Posted on 01 May 2025

02 May 2025

♥ first documentation

I have officially a blog now and it is super cuter (i know you have eyes and probably wondered the same). I wonder when I am able to add my pictures.

I am so against working everyday. What is the meaning of this endless cycle?

I want to taste the sweetness of my life like how I taste my chocolate. How can I do this? I have tried numerous ideas and theories and I’m still on the journey. The key factors I have learned are:

✧ Make it personal using your creative side to help you design the life you have dreamed of.
✧ New things, don’t be afraid to shake things up. The mystery of solving how the formula works will excite you.
✧ Not giving up and documenting your process. Fight your inner demons by staying consistent.
✧ Landmarks and resets! I have small ones daily and weekly checkpoints too.
✧ Systems aren’t my favorite thing, but I can make them fun and weird in my own way.
✧ Hobbies? Talents? Distractions? Know your quirks. Mine is this blog.
✧ I write stories every week to cope and celebrate. It's giving ✨storyteller bot queen✨.
✧ Prep + plan. Even lazy geniuses need blueprints.

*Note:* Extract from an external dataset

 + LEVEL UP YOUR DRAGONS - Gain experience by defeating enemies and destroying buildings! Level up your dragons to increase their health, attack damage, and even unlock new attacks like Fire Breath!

8 hours. That’s all you need. Then sleep, scroll, or dream. But show up for you first.

♥ when you think of a new idea, I hope you're thinking of me
Posted on 02 May 2025

04 May 2025

♥ second documentation

I feel awful. i have yet to submit an assignment this year am i failing? no im not failing, this is the beginning of my scene that i am setting.

i went out rolled up weed in my pocket inside my jacket. i try smoking it but nothing really happens because i already bit into the filter. i bite my jaw shut when i am afraid. im afraid that i'll lose my freedom by smoking this grass. which i had done the past year. i want to blame the weed but it isn't that. i tried everything in the book to learn about myself. i want this lifestyle. i need this. how could i be so dense? well i am not. im just blinded, by the time. i mean i can calculate it perfectly. but im unaware the huge leakage there is in my time perception. if i just give away 8 hours of my day without weed surely i'd be alright right? i hate that i can't watch my movie and do the assignment (it just dawned on me that i could listen to reddit scary stories and do them) i like my grass.

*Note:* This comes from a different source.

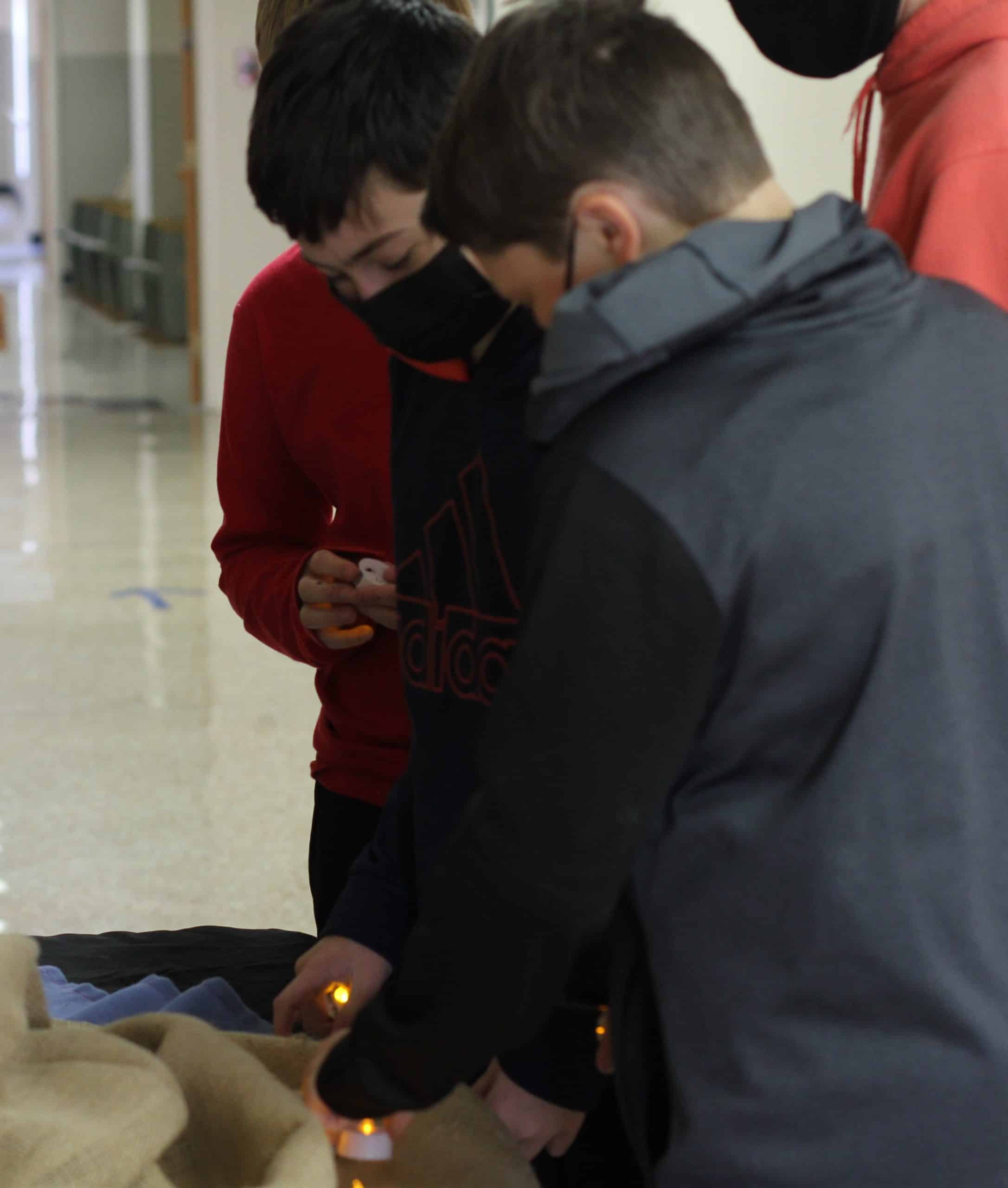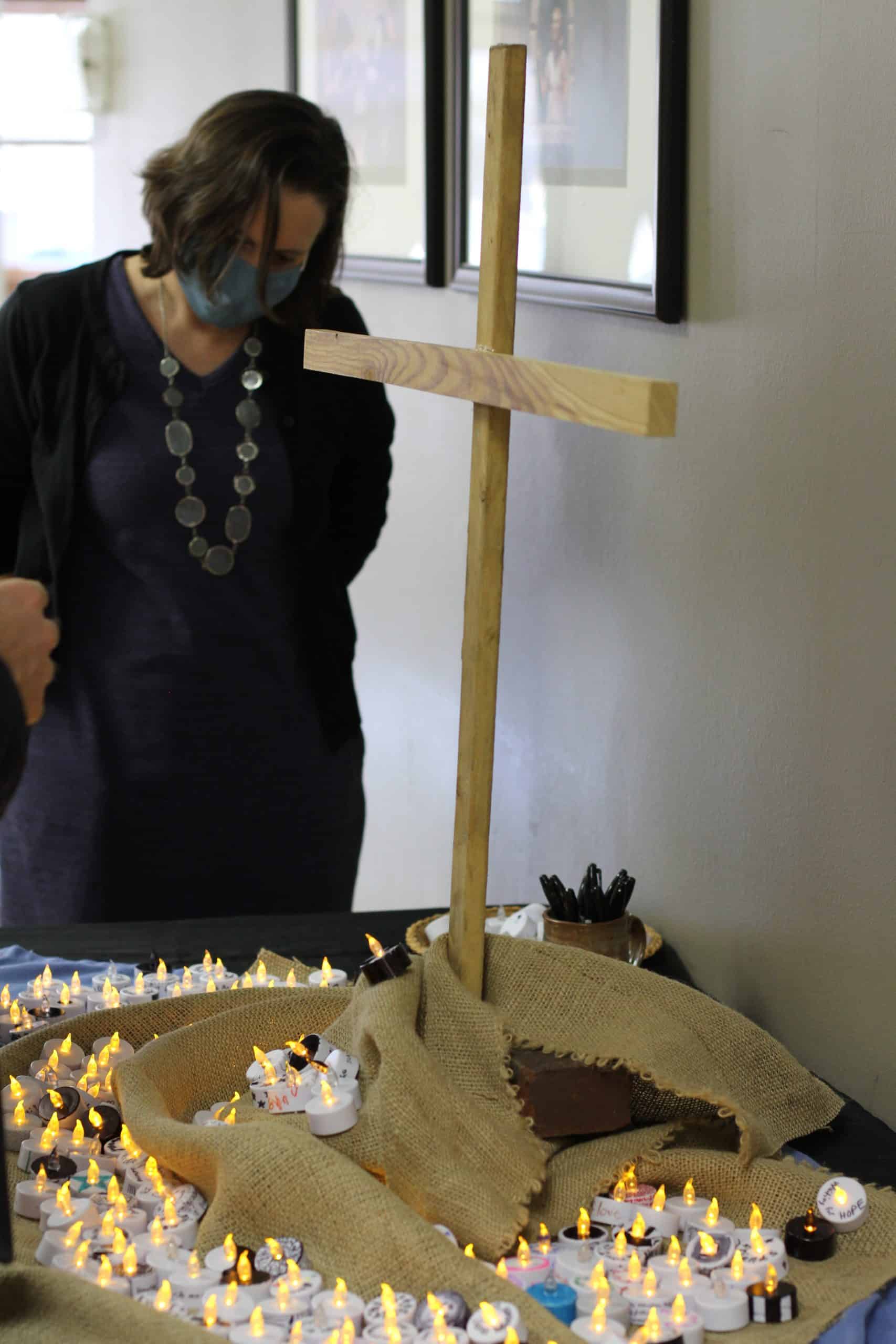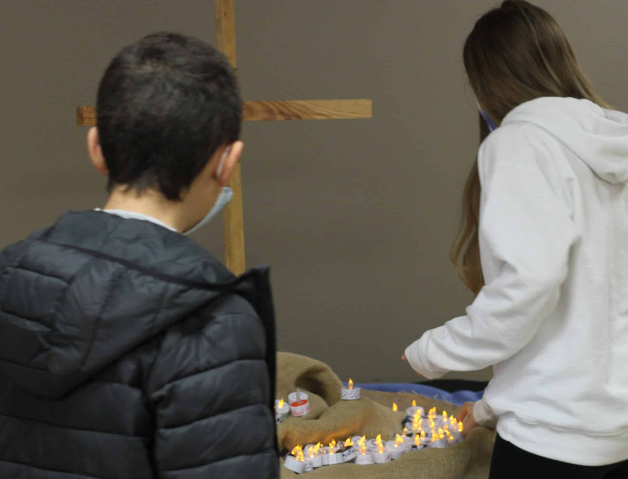 Students were dismissed by classes to take their candles to a cross in the front foyer. “Even though we’ve been blessed by having most students at school in person this year, there’s still a lot of loss,” said King. “It’s moving to read some of the wisdom and pain in these words,” he noted as teachers and administrators looked at the display.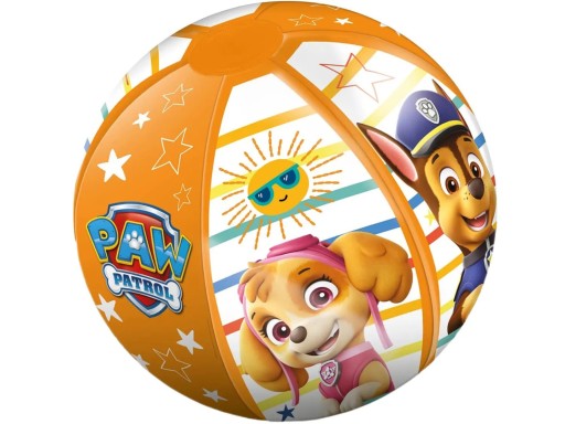 Piłka plażowa z ulubionymi bohaterami bajki Psi Patrol. Piłka duża, 50cm idealna do zabawy na świeżym powietrzu, można zabrać ją ze sobą na plażę, idealnie sprawdzi się też do zabawy w ogrodzie. Wykonana z mocnego i wytrzymałego materiału winylowego.

♥ life is hard either way, I hope you choosing wisely for i will not make the decision for you
Posted on 04 May 2025

05 May 2025

♥ third documentation

i feel sad

i think im single now back to square one. atleast it was long distance. so i can act like it never happened. i wish it never happened. i showed a side of me i promised not to. all men are really rats. they come and get a piece of you until they full of it and go wander somewhere else to get another piece of bit. anyways i feel numb i think i feel sad but this is perfect. i have an exam in 3 days. i will ace it. what a fool i was thinking i needed a rat in my life.

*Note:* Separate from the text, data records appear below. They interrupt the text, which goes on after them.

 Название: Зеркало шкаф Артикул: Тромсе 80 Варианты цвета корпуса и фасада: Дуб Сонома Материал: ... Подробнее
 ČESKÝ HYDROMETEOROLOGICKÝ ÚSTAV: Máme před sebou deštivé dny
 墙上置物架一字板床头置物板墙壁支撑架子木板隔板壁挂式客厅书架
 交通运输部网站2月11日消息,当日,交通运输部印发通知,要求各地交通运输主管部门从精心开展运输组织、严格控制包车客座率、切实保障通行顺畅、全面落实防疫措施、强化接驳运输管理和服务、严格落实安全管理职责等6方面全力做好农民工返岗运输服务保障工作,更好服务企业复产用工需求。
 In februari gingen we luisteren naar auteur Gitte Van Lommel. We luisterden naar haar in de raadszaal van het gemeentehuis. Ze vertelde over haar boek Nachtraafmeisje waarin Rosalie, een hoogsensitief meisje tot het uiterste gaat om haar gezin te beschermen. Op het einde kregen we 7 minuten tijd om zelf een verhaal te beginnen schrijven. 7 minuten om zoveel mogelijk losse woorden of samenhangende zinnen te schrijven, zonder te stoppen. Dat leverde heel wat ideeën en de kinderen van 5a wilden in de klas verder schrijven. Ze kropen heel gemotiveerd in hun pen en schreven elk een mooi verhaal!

♥ be the person you can be proud of
Posted on 05 May 2025

23 May 2025

♥ fourth documentation

thinking ....

Days aren’t really days for me. I’ve come to learn they’re cycles.
It’s an endless, repeating loop—not days. “Days” are too long for me.
I’m not afraid to die early.
What confuses me is why anyone would want to live a long life.

Another thing:
I’m afraid to die with debt in my name,
and with the fact that I haven’t achieved my dream of becoming a robotics designer.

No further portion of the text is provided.